**HOW TO COMPLETE THIS TASK**
Begin at the line containing "De Variety wandmeubel" and restate it and each line after it exactly, up to and including the last line below. Leave pictures out.

**INPUT DATA**
----------------
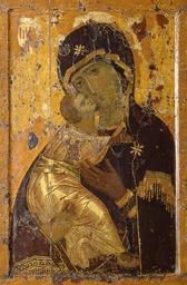 | Keywords: XII ст., Третьяковська галерея, Москва. ...У Києві XII ст. здобули популярність кілька видів Богородичних ікон, особливо Пирогощська та Вишгородська, що стали реліквіями. Вишгородська (візантійська ікона початку XII ст., відома на Русі з 1155 р.) - Елеуса, яка дістала назву "Богоматір Милування", - це скорботна мати в тісних обіймах з сином, що пригортається своєю щокою до щоки сина. Привезені візантійські ікони, зокрема шедевр "Вишгородське милування", спонукали до оплечних зображень і психологічного навантаження образів. Тема Елеуси-милування, як і Оранти, стали глибоконародними. Д.П. Крвавич, В.А. Овсійчук, С.О. Черепанова - Українське мистецтво, т.2, Львів, "Світ", 2004. - с. 155. Існує також версія, згідно якої ця ікона не була привезена з Візантії, а створена в Києві (авторство приписується Аліпію). Ікона була таємно вивезена з Вишгорода Андрієм Боголюбським: "Была в Вышгороде в женском монастыре икона Св. Богородицы, привезённая из Цареграда, писанная, как гласит предание, Св. евангелистом Лукою. Рассказывали о ней чудеса, говорили, между прочим, что, будучи поставлена у стены, она ночью сама отходила от стены и становилась посреди церкви, показывая как будто вид, что желает уйти в другое место. Взять её явно было невозможно, потому что жители не позволили бы этого. Андрей задумал похитить её, перенести в суздальскую землю, даровать таким образом этой земле святыню, уважаемую на Руси, и тем показать, что над этою землёю почиет особое благословение Божие. Подговоривши священника женского монастыря Николая и диякона Нестора, Андрей ночью унёс чудотворную икону из монастыря и вместе с княгинею и соумышленниками тотчас после того убежал в суздальскую землю." - Н. Костомаров. |
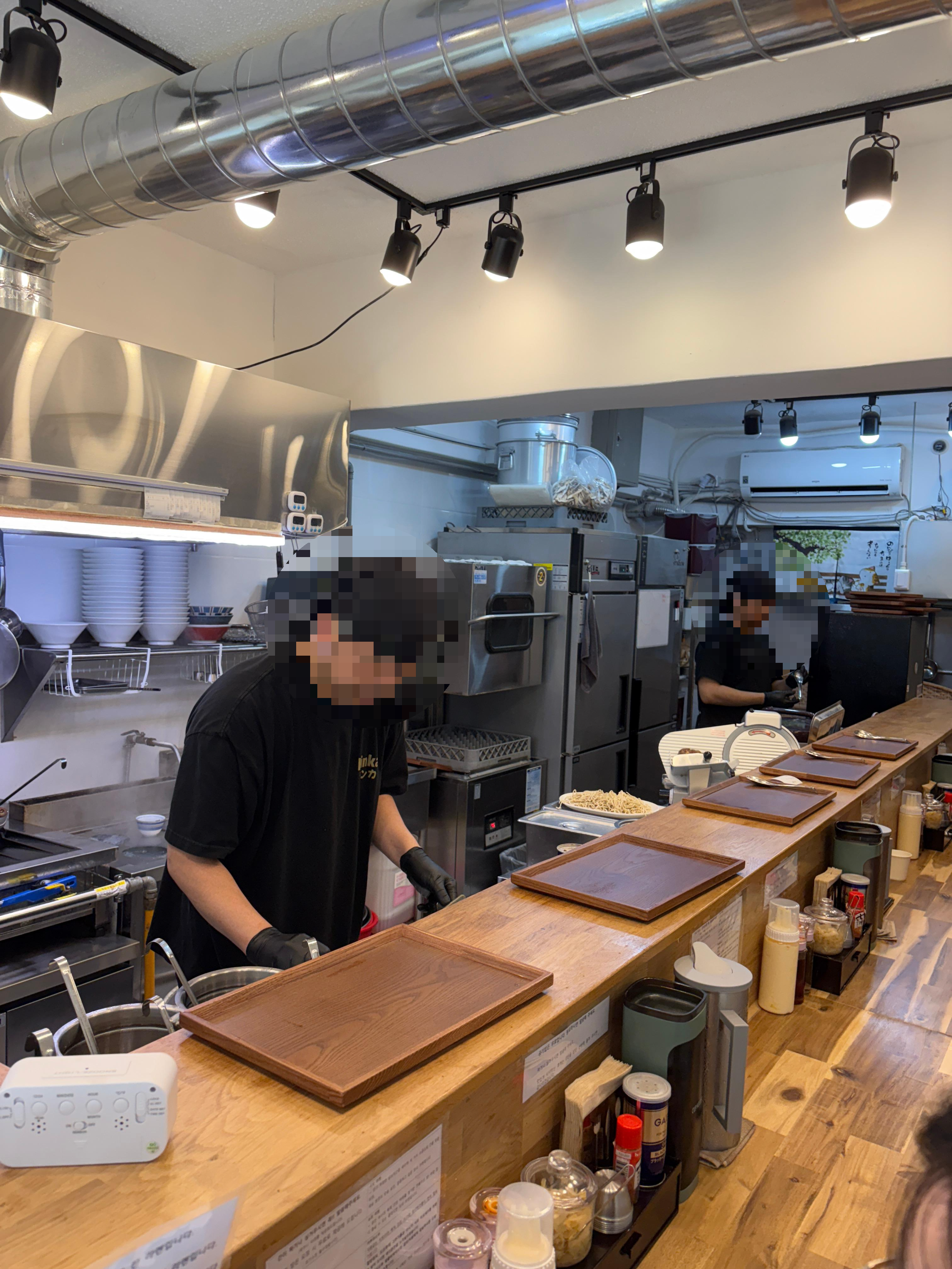 매장에 들어가봅니다. 좌석은 모두 다찌좌석으로 마련되어있구요, 10좌석 남짓 되는 규모의 업장이었습니다. 두분이서 조리 및 서빙을 모두 담당해주시구요, 서비스 방식은 전형적인 다찌석으로 된 라멘집과 같습니다. 위치가 위치다보니 직장 점심시간과 겹치면 극악의 웨이팅을 자랑하지만 전 점심시간이 조금 지난 시간에 방문하여 바로 입장 가능했습니다.
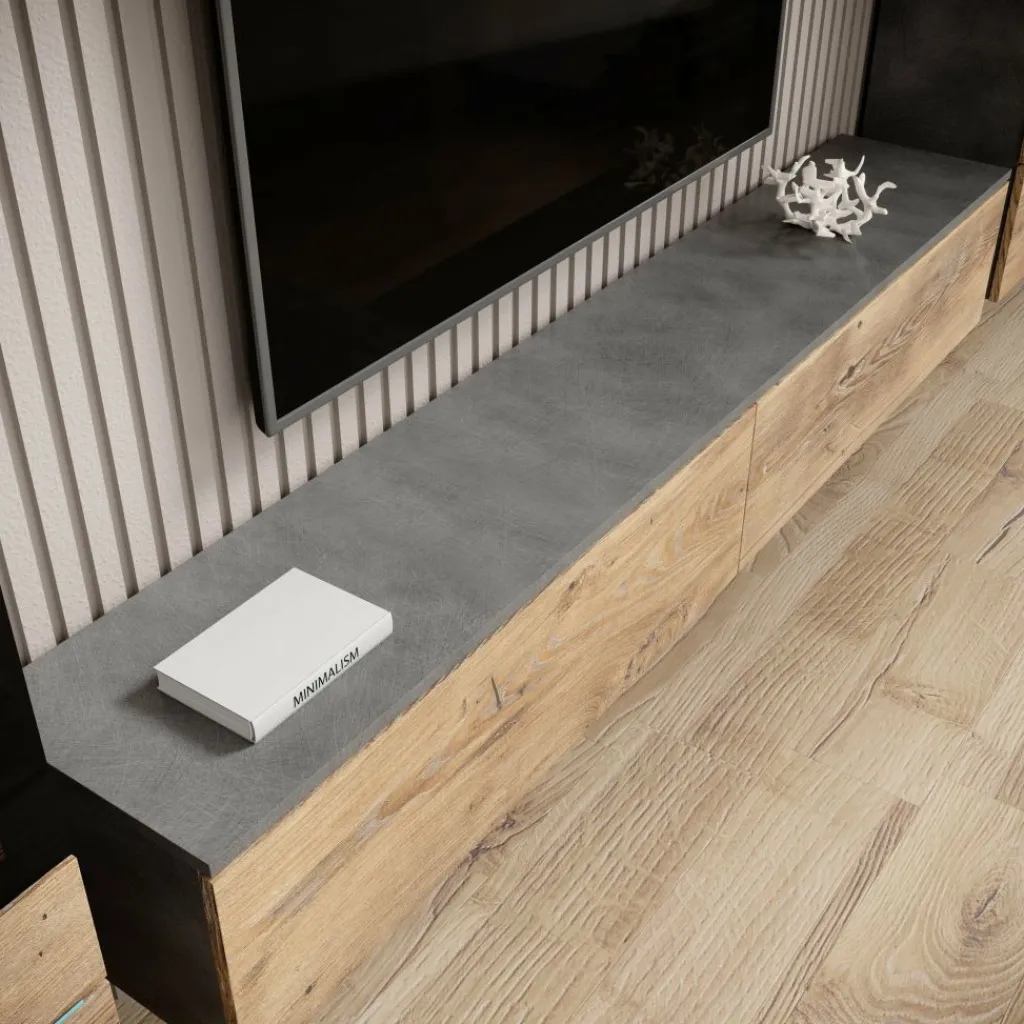 De Variety wandmeubel in eiken en grijs combineert warme houttinten met een moderne afwerking. De natuurlijke eikenlook contrasteert mooi met de strakke grijze elementen, wat zorgt voor een eigentijdse en stijlvolle uitstraling.
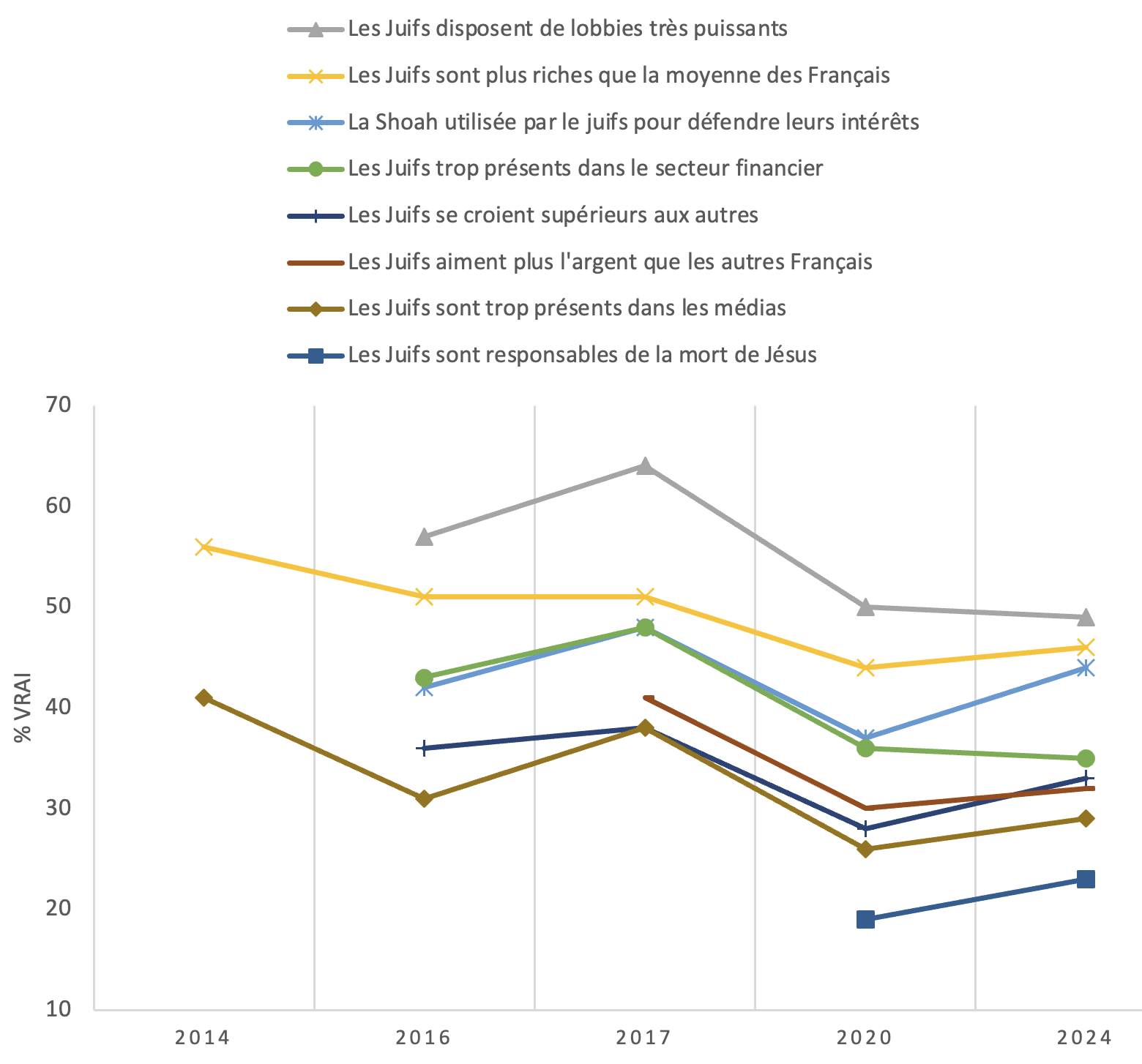 L’adhésion aux préjugés antisémites – l’idée que les juifs forment un groupe dominateur et soudé qui cherche à faire prévaloir ses intérêts à l’aide l’argent, des médias, de lobbys puissants, d’une manipulation morale de la Shoah – reste à un niveau très élevé. La moitié des Français par exemple adhèrent à cette idée du « lobby juif ». Par comparaison le vieil antisémitisme chrétien (les juifs responsables de la mort de Jésus) est devenu résiduel.
----------------
**RESPONSE TO THIS EXERCISE**
 De Variety wandmeubel in eiken en grijs combineert warme houttinten met een moderne afwerking. De natuurlijke eikenlook contrasteert mooi met de strakke grijze elementen, wat zorgt voor een eigentijdse en stijlvolle uitstraling.
 L’adhésion aux préjugés antisémites – l’idée que les juifs forment un groupe dominateur et soudé qui cherche à faire prévaloir ses intérêts à l’aide l’argent, des médias, de lobbys puissants, d’une manipulation morale de la Shoah – reste à un niveau très élevé. La moitié des Français par exemple adhèrent à cette idée du « lobby juif ». Par comparaison le vieil antisémitisme chrétien (les juifs responsables de la mort de Jésus) est devenu résiduel.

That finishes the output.